» Task description:
Here is the task for the listing below: output exactly the lines from the one containing "描述或限制適合產(chǎn)" through the one containing "Кресло с резным", and leave out the pictures.

» Records provided:
[Start of section]

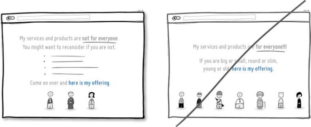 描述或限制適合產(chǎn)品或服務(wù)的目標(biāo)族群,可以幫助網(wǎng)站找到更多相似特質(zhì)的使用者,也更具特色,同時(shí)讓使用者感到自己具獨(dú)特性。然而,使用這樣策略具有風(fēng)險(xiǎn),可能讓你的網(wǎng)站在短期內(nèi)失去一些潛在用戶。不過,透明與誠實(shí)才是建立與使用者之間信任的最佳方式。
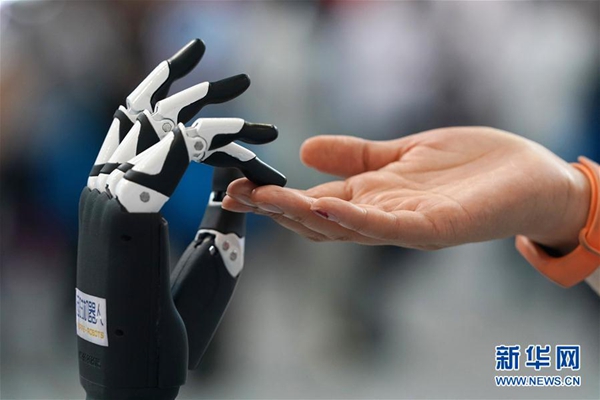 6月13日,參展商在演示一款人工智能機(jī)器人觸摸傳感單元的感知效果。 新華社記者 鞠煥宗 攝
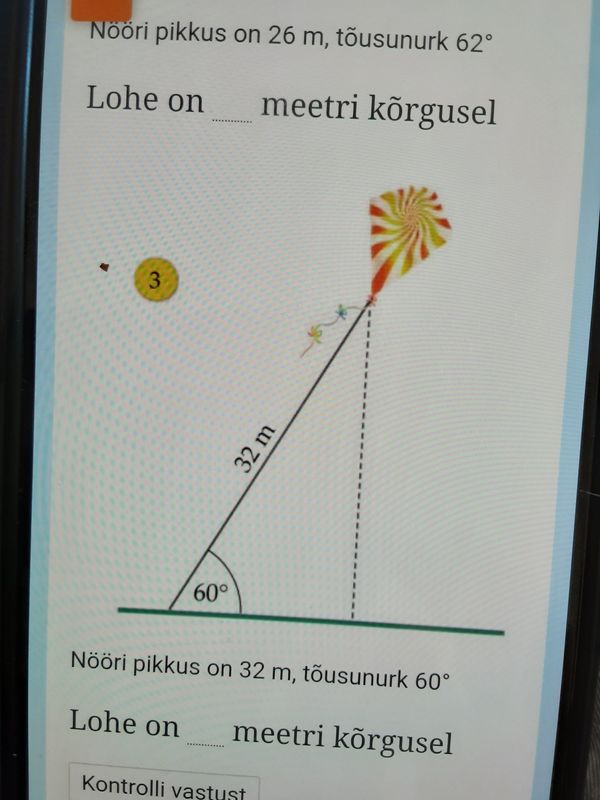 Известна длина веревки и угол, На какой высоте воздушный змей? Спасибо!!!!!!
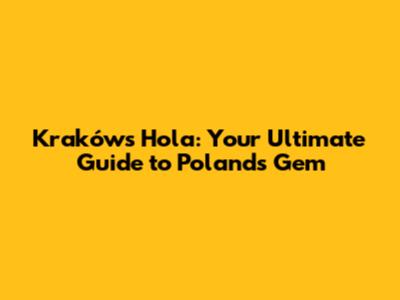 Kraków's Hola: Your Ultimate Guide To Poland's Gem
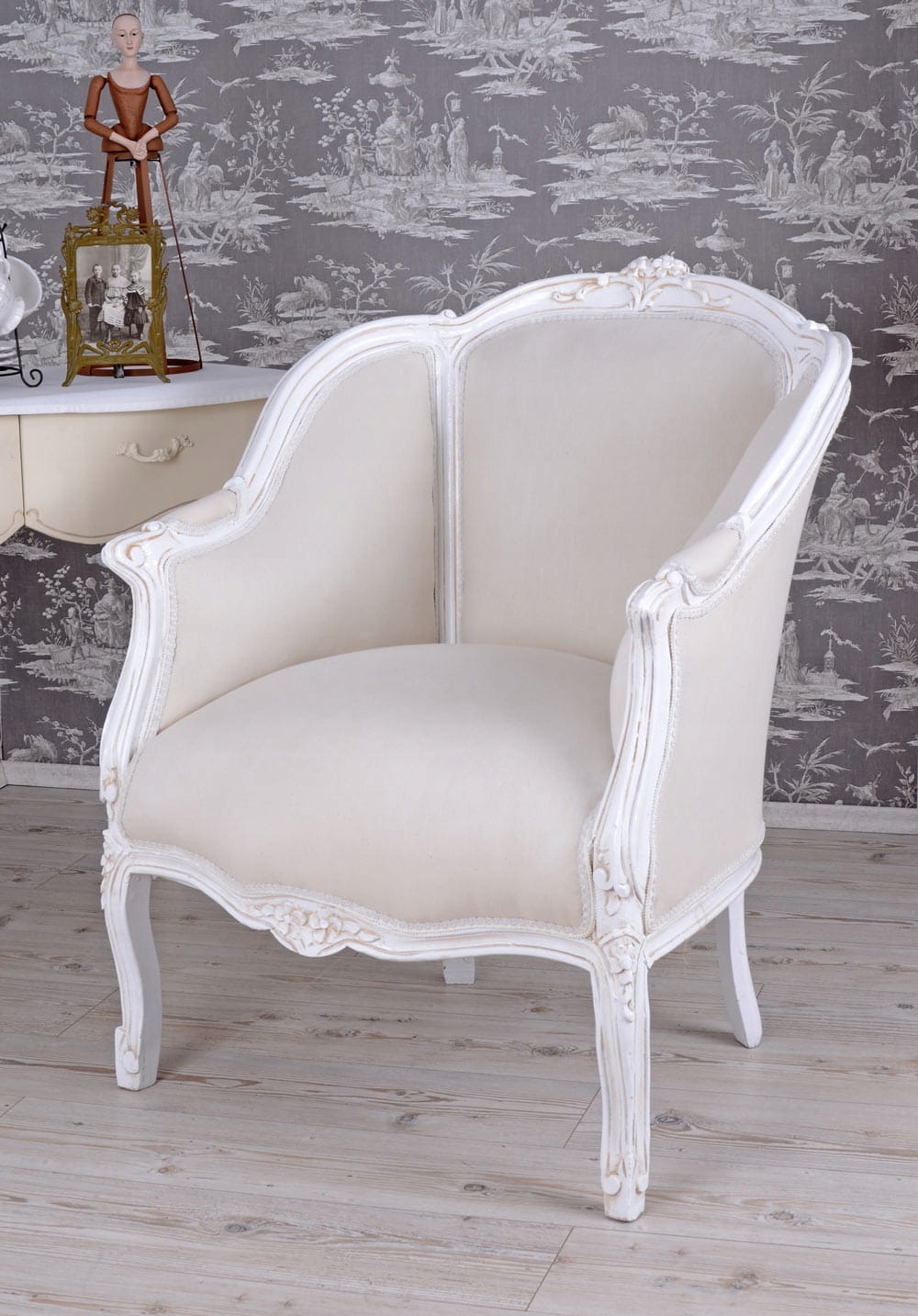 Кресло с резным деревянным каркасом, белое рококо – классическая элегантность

[End of section]
[Start of section]

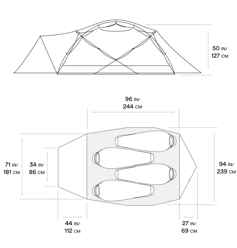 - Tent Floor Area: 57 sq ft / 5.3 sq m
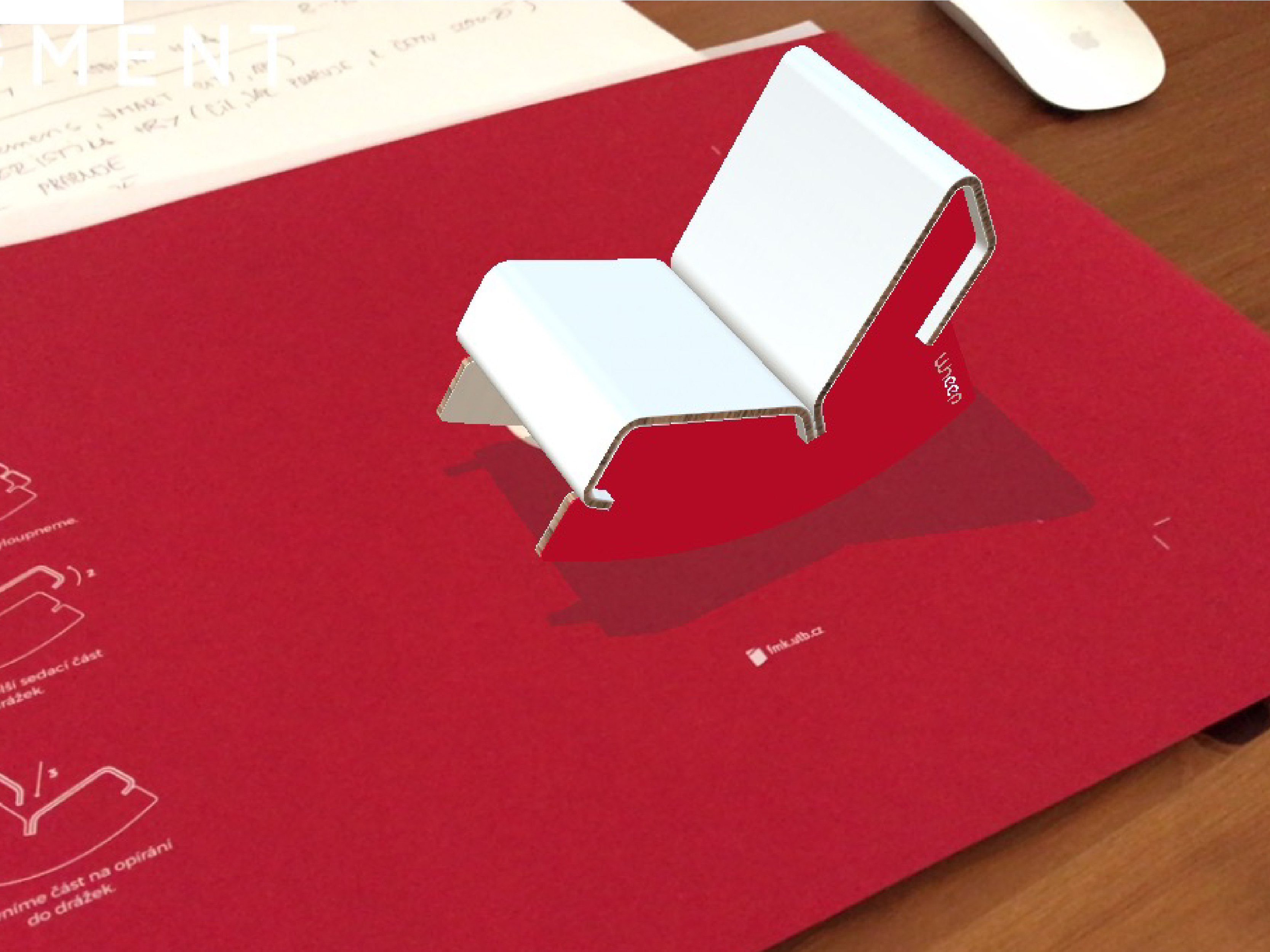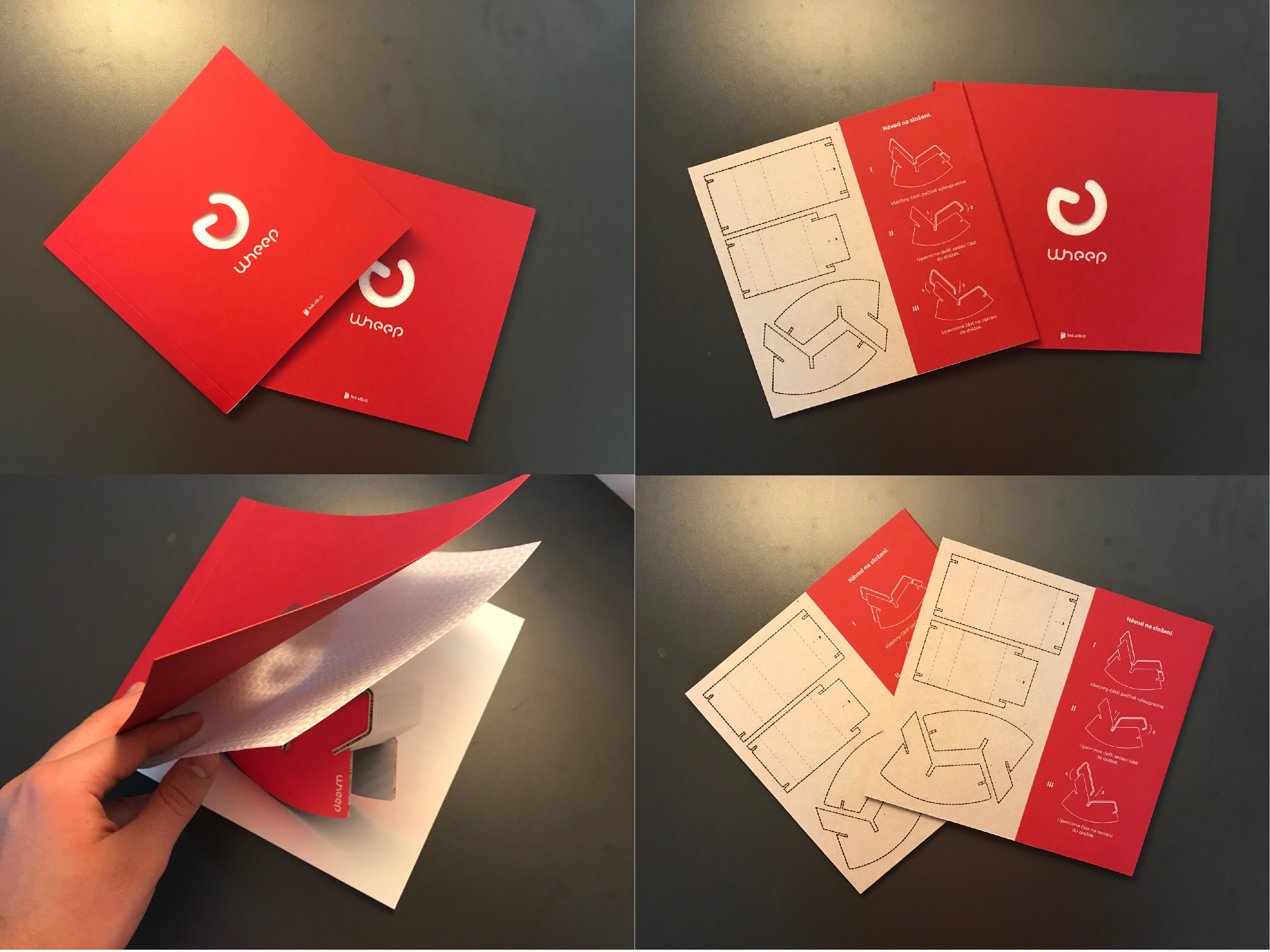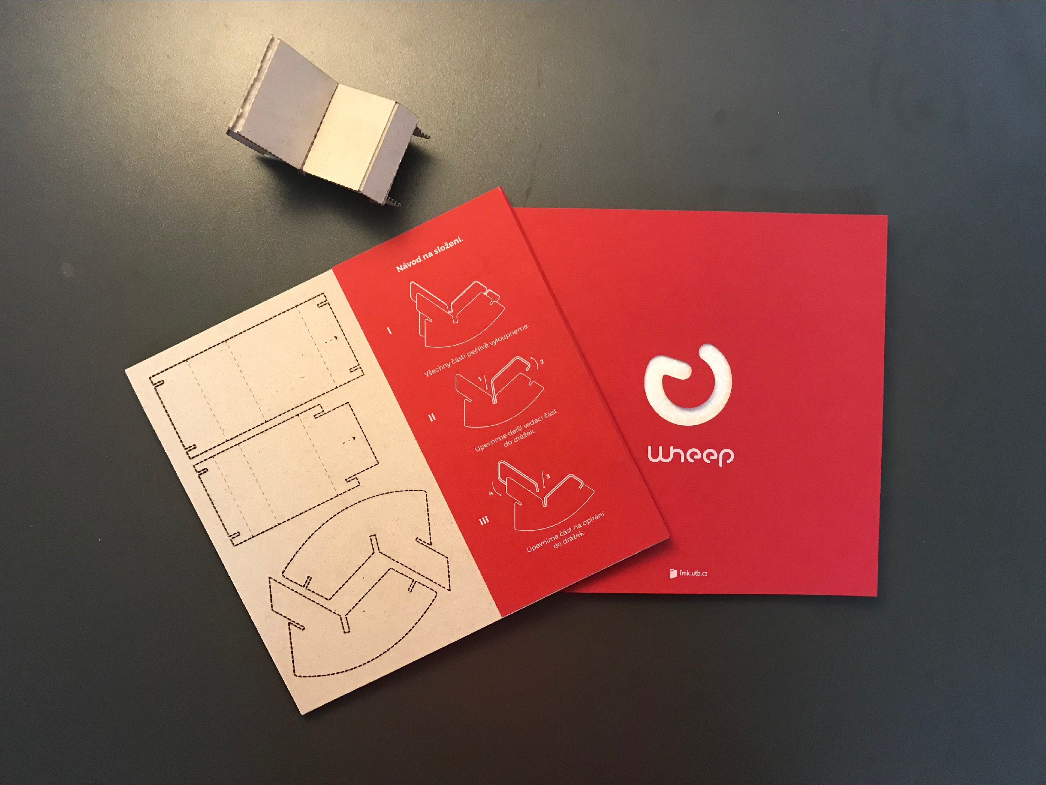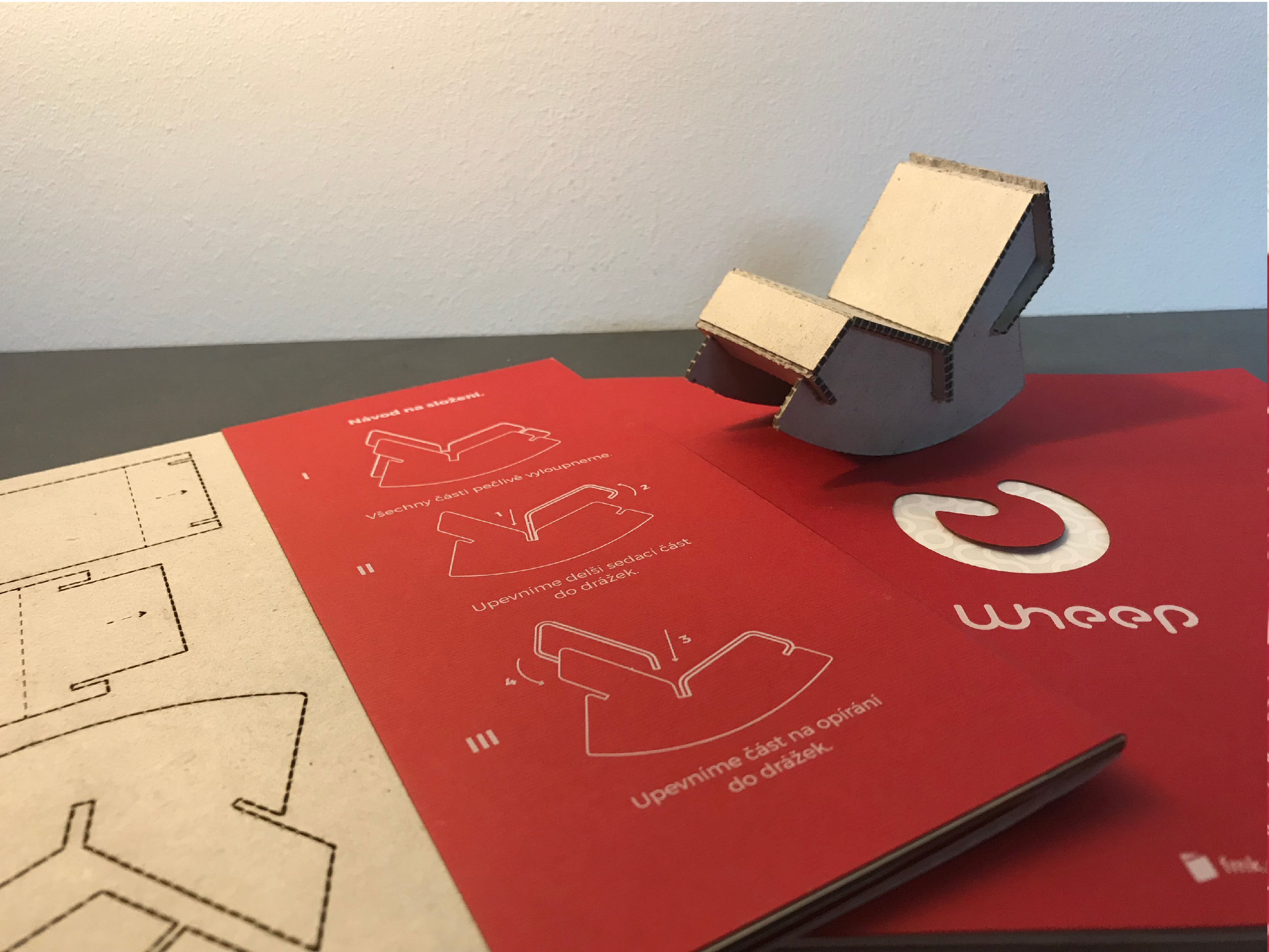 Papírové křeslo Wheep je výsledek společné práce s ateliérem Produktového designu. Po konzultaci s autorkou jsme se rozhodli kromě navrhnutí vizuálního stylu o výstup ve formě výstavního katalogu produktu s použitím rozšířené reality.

[End of section]

» Expected answer:
 描述或限制適合產(chǎn)品或服務(wù)的目標(biāo)族群,可以幫助網(wǎng)站找到更多相似特質(zhì)的使用者,也更具特色,同時(shí)讓使用者感到自己具獨(dú)特性。然而,使用這樣策略具有風(fēng)險(xiǎn),可能讓你的網(wǎng)站在短期內(nèi)失去一些潛在用戶。不過,透明與誠實(shí)才是建立與使用者之間信任的最佳方式。
 6月13日,參展商在演示一款人工智能機(jī)器人觸摸傳感單元的感知效果。 新華社記者 鞠煥宗 攝
 Известна длина веревки и угол, На какой высоте воздушный змей? Спасибо!!!!!!
 Kraków's Hola: Your Ultimate Guide To Poland's Gem
 Кресло с резным деревянным каркасом, белое рококо – классическая элегантность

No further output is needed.